■ What to work on: Only an exact copy of the lines beginning at the one that contains "他的山水画手法多样、风格各异" and ending at the last line of the records below counts as the answer.

■ Saved data entries:
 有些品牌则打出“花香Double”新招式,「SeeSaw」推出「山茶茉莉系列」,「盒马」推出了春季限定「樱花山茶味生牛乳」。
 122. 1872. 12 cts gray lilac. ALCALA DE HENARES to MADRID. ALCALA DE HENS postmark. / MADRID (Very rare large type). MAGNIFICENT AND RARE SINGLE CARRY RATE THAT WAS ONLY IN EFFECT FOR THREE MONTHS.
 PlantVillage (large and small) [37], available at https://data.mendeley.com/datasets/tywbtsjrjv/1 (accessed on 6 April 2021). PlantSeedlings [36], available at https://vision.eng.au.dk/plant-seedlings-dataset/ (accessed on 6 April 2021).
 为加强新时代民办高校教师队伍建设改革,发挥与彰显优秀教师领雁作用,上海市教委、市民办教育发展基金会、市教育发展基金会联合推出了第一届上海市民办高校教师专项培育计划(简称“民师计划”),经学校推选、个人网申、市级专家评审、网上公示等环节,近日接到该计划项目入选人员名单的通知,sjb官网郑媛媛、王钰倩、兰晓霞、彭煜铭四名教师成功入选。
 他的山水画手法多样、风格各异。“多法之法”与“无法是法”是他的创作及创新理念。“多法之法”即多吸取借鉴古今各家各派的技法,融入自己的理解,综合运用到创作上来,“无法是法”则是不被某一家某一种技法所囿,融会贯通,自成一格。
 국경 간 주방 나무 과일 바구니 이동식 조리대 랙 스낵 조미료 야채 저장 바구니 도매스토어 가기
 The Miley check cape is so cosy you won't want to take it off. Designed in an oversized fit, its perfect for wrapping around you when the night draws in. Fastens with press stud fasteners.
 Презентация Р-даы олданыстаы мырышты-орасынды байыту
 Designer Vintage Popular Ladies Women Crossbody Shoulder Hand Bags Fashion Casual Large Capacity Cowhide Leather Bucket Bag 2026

■ Written answer:
 他的山水画手法多样、风格各异。“多法之法”与“无法是法”是他的创作及创新理念。“多法之法”即多吸取借鉴古今各家各派的技法,融入自己的理解,综合运用到创作上来,“无法是法”则是不被某一家某一种技法所囿,融会贯通,自成一格。
 국경 간 주방 나무 과일 바구니 이동식 조리대 랙 스낵 조미료 야채 저장 바구니 도매스토어 가기
 The Miley check cape is so cosy you won't want to take it off. Designed in an oversized fit, its perfect for wrapping around you when the night draws in. Fastens with press stud fasteners.
 Презентация Р-даы олданыстаы мырышты-орасынды байыту
 Designer Vintage Popular Ladies Women Crossbody Shoulder Hand Bags Fashion Casual Large Capacity Cowhide Leather Bucket Bag 2026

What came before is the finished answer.